### Supplied entries
********************
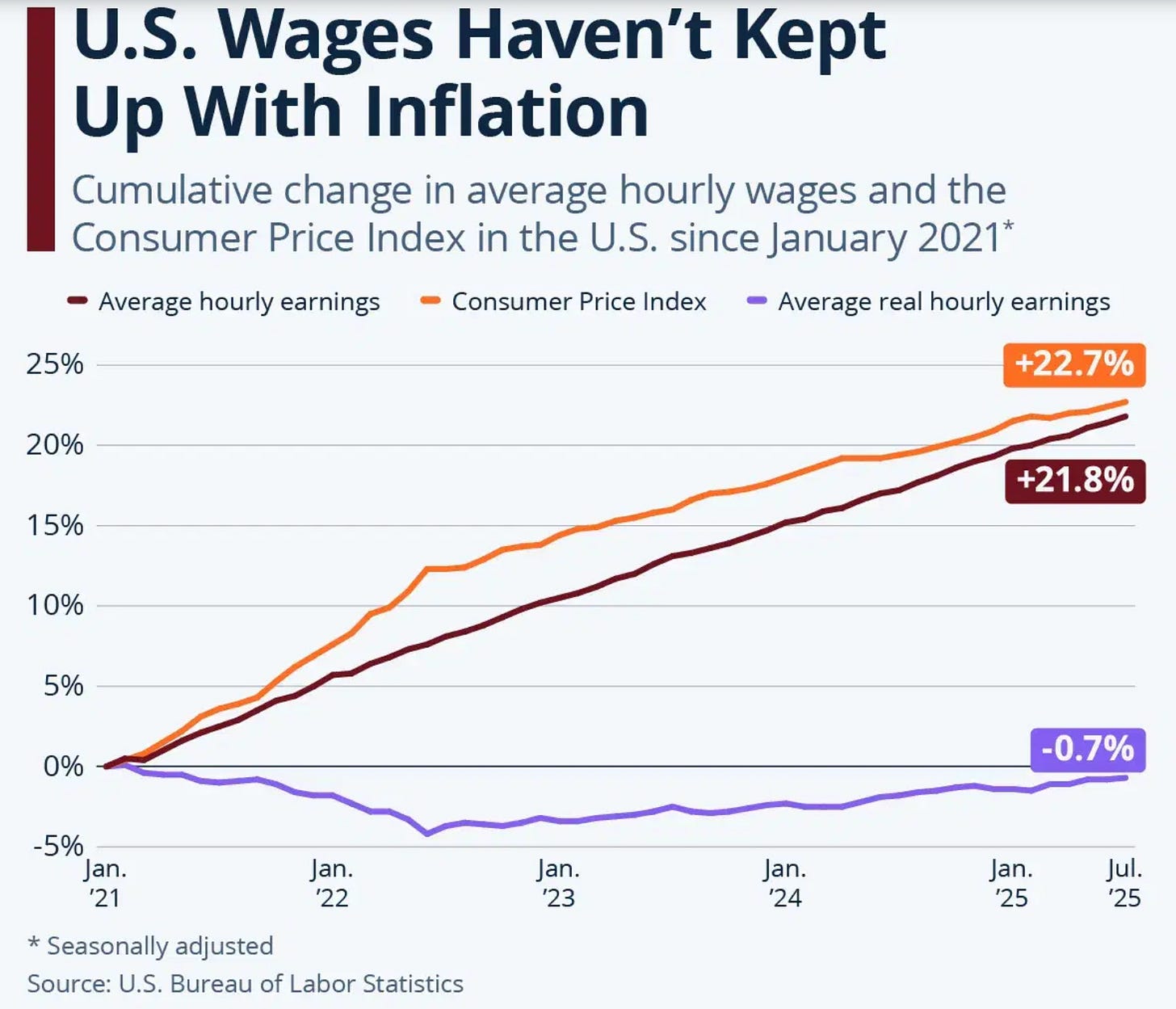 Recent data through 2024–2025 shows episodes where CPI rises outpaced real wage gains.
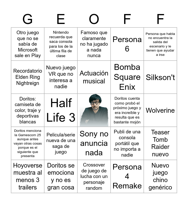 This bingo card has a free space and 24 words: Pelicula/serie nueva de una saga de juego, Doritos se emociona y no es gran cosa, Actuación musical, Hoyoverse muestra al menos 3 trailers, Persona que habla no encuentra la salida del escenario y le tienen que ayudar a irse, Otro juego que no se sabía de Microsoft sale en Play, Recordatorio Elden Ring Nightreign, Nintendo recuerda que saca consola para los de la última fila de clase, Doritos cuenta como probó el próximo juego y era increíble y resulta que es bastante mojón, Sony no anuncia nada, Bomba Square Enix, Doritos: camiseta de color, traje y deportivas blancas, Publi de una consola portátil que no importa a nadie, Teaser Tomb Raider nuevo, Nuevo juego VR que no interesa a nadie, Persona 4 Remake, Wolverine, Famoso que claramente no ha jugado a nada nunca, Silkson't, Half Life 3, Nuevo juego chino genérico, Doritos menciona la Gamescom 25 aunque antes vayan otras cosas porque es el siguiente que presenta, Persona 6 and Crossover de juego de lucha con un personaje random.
********************
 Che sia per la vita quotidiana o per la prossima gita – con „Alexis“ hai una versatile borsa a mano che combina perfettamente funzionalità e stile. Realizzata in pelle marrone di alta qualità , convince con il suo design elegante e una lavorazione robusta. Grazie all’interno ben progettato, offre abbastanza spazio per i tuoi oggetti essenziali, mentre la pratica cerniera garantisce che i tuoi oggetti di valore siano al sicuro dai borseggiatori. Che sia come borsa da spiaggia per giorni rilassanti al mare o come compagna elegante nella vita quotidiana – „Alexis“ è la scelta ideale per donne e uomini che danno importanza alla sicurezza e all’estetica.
********************
### Goal of the exercise
A verbatim reproduction is expected: starting at the line above that has "Recent data through", ending at the line that has "This bingo card", both included, and with no pictures and no other lines.

### Response area
 Recent data through 2024–2025 shows episodes where CPI rises outpaced real wage gains.
 This bingo card has a free space and 24 words: Pelicula/serie nueva de una saga de juego, Doritos se emociona y no es gran cosa, Actuación musical, Hoyoverse muestra al menos 3 trailers, Persona que habla no encuentra la salida del escenario y le tienen que ayudar a irse, Otro juego que no se sabía de Microsoft sale en Play, Recordatorio Elden Ring Nightreign, Nintendo recuerda que saca consola para los de la última fila de clase, Doritos cuenta como probó el próximo juego y era increíble y resulta que es bastante mojón, Sony no anuncia nada, Bomba Square Enix, Doritos: camiseta de color, traje y deportivas blancas, Publi de una consola portátil que no importa a nadie, Teaser Tomb Raider nuevo, Nuevo juego VR que no interesa a nadie, Persona 4 Remake, Wolverine, Famoso que claramente no ha jugado a nada nunca, Silkson't, Half Life 3, Nuevo juego chino genérico, Doritos menciona la Gamescom 25 aunque antes vayan otras cosas porque es el siguiente que presenta, Persona 6 and Crossover de juego de lucha con un personaje random.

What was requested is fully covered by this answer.